Pembentukan Badan Pangan Nasional pada 2021 lalu diharapkan menjadi upaya pemerintah dalam memperbaiki tata niaga. Maman mengatakan, badan ini bisa mengumpulkan data valid mengenai kebutuhan bahan pokok di setiap daerah. Data ini dapat menjadi langkah bagi pemerintah untuk memperbaiki rantai pasoknya.
“Badan Pangan Nasional bisa memetakan kebutuhan pangan di setiap daerah, lalu solusinya seperti apa, kebutuhannya berapa, nanti bagaimana cara memasoknya, sehingga harganya tetap terjaga,” ujarnya.
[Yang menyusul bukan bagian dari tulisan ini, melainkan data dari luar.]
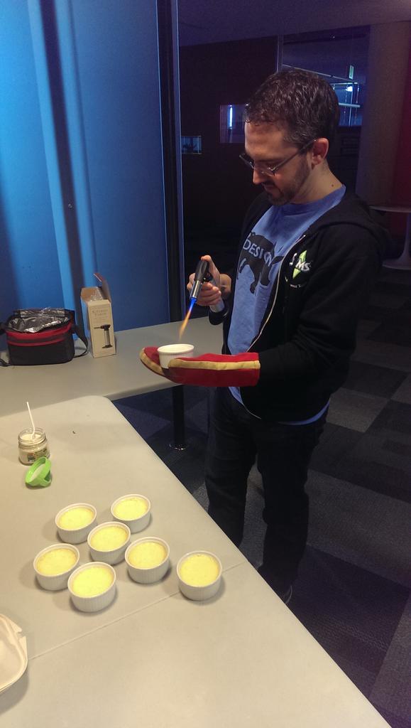 - ↑ John Berges on Twitter: "Breaking news, @SimGuruDaniel is making creme brulee for us at 9:30 in the morning (em inglês) Último acesso em 27/11/2014.

Maman menilai, impor diperlukan terutama bagi komoditas yang belum bisa dipenuhi di tingkat nasional. Namun, pemerintah juga perlu mengendalikan impor bahan pokok ini. Sebab, bisa jadi impor akan kembali dikuasai oleh kartel. “Kita harus hati-hati dengan masalah tata niaga ini, termasuk masalah mafia pangan,” kata Maman.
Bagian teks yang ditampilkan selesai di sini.